Without any pictures, retype exactly the lines from the one with "中国台湾网7月9日石家庄消息" through the final line of the records.

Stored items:
*-*-*

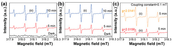 We used the electron spin resonance technology to qualify the formation difference of ·OH species under visible light [27,28]. The results are shown in Figure 5. It was found that the strong ESR spectra with relative intensities of 1:2:2:1 corresponding to DMPO-·OH adduct were clearly observed for the Bi2WO6 (Figure 5a) and BiOCl/Bi2WO6 hybrids (Figure 5b). Under the dark condition, no DMPO-·OH signals were detected for the Bi2WO6 and BiOCl/Bi2WO6 hybrid materials. This result suggested that the precondition for formation of the ·OH species is the presence of visible light. In addition, as shown in Figure 5c, the DMPO-·OH signal intensity from the BiOCl/Bi2WO6 hybrid materials was much higher with respect to Bi2WO6. Thus, the presence of BiOCl was beneficial for the more effective separating ability of photogenerated carriers because of the favorable heterojunction effect.
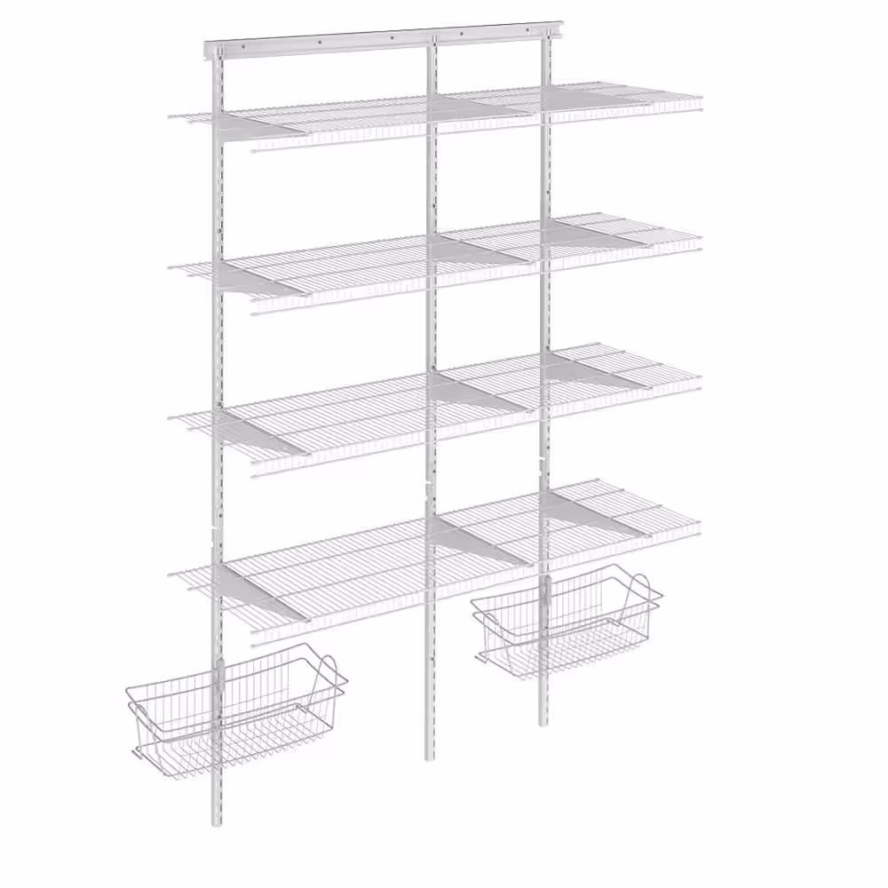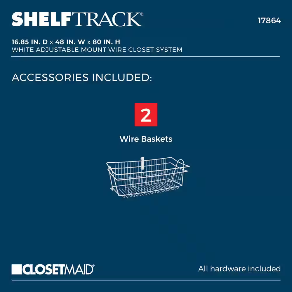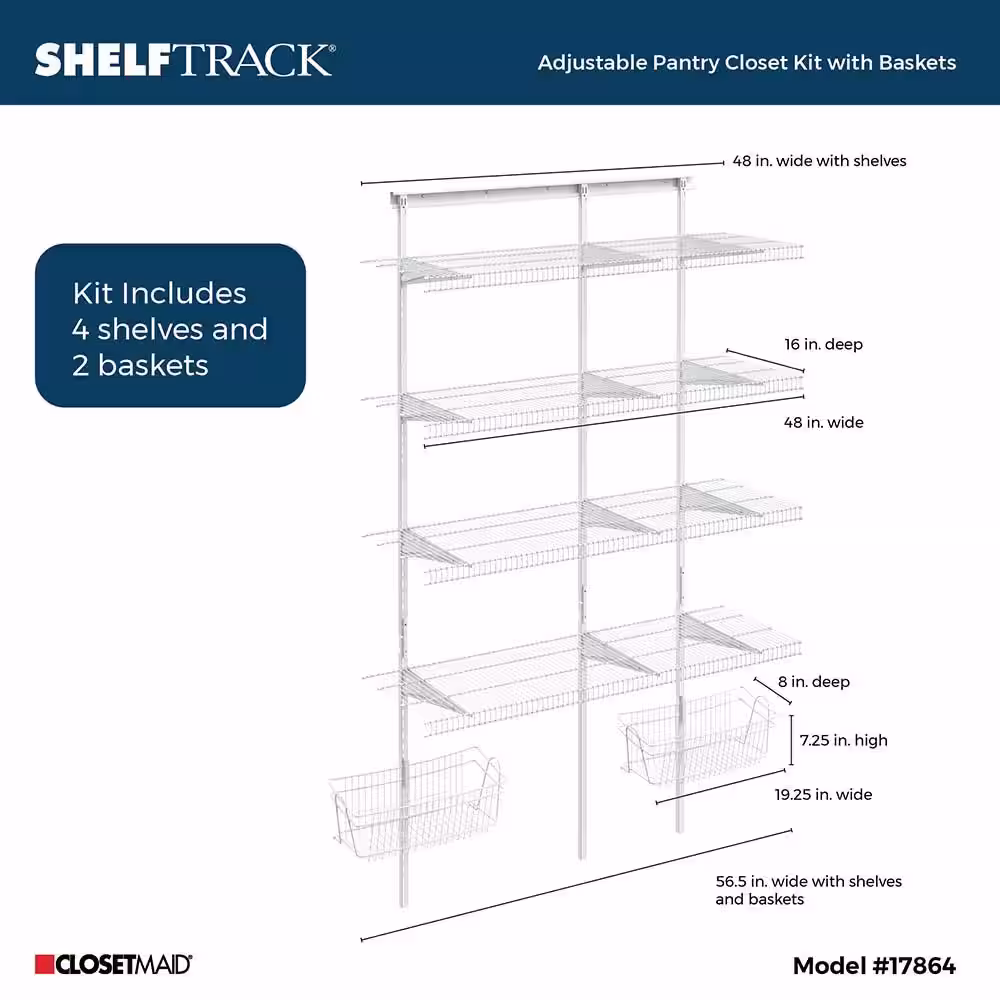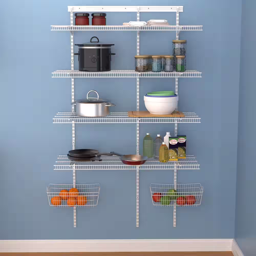ClosetMaid Shelftrack 16.75 in. D x 48 in. W x 84 in. H White Wire Adjustable Pantry Closet Kit with Baskets
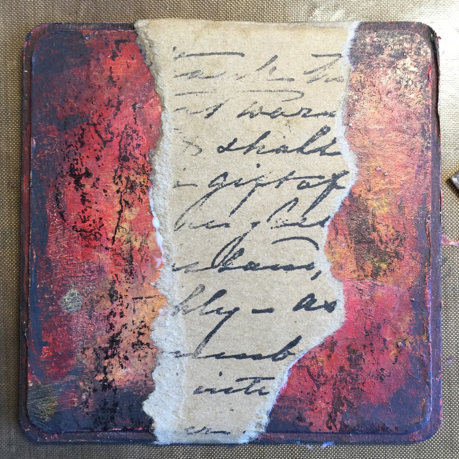 I tore a strip of the craft paper off and stamped with the calligraphy matt
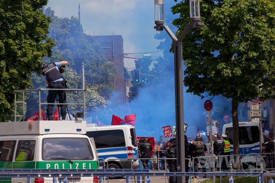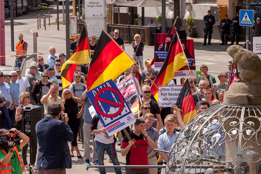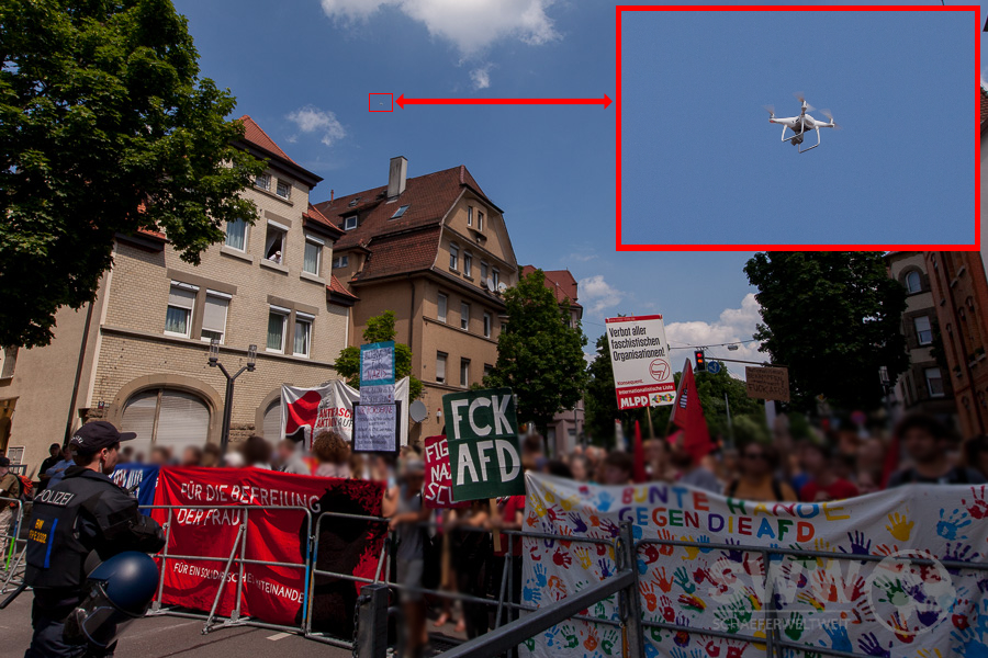 Das massive Polizeiaufgebot legte den Ortsteil über Stunden lahm. Die Haltestelle Wilhelm-Geiger-Platz war nicht erreichbar und neben hunderten Beamten waren zwei Wasserwerfer, eine Pferdestaffel, ein Hubschrauber und mehrere Drohnen im Einsatz. Auch wenn durch Gegendemonstranten einer der Redner der AfD mit Wasser bespritzt wurde und Eier auf Polizisten geworfen wurden sollte die Frage der Verhältnismäßigkeit gestellt werden.
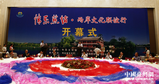 中国台湾网7月9日石家庄消息 7月9日晚间,由中华文化联谊会和河北省人民政府共同主办的“情系燕赵——两岸文化联谊行”活动在河北石家庄隆重开幕。100余位台湾文化教育界人士与大陆文化界代表共聚河北,一起感受燕赵大地的历史文化。
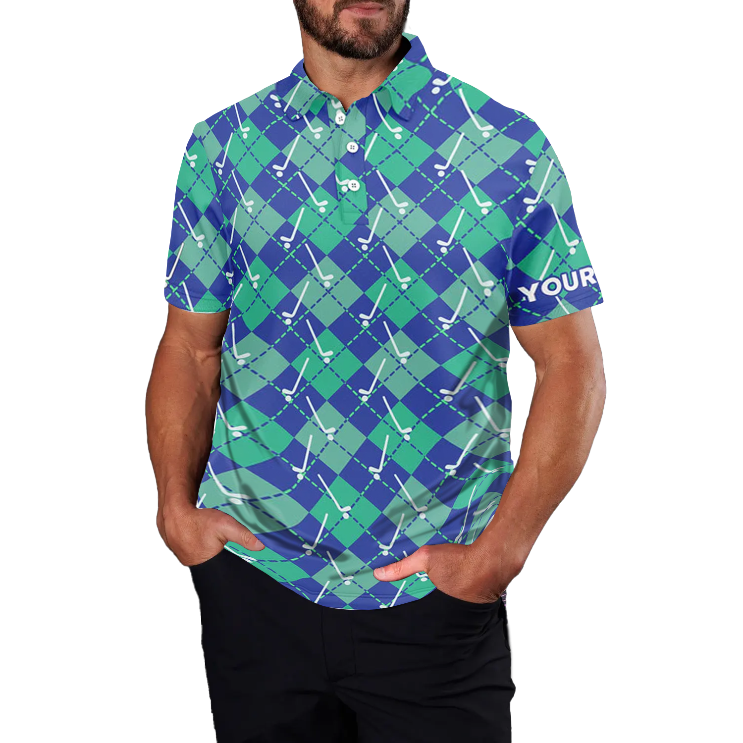 Herren Golf Polo-Shirt mit grün-blauem Karomuster N6849

*-*-*

### [PROBLEM SOLUTION]
 中国台湾网7月9日石家庄消息 7月9日晚间,由中华文化联谊会和河北省人民政府共同主办的“情系燕赵——两岸文化联谊行”活动在河北石家庄隆重开幕。100余位台湾文化教育界人士与大陆文化界代表共聚河北,一起感受燕赵大地的历史文化。
 Herren Golf Polo-Shirt mit grün-blauem Karomuster N6849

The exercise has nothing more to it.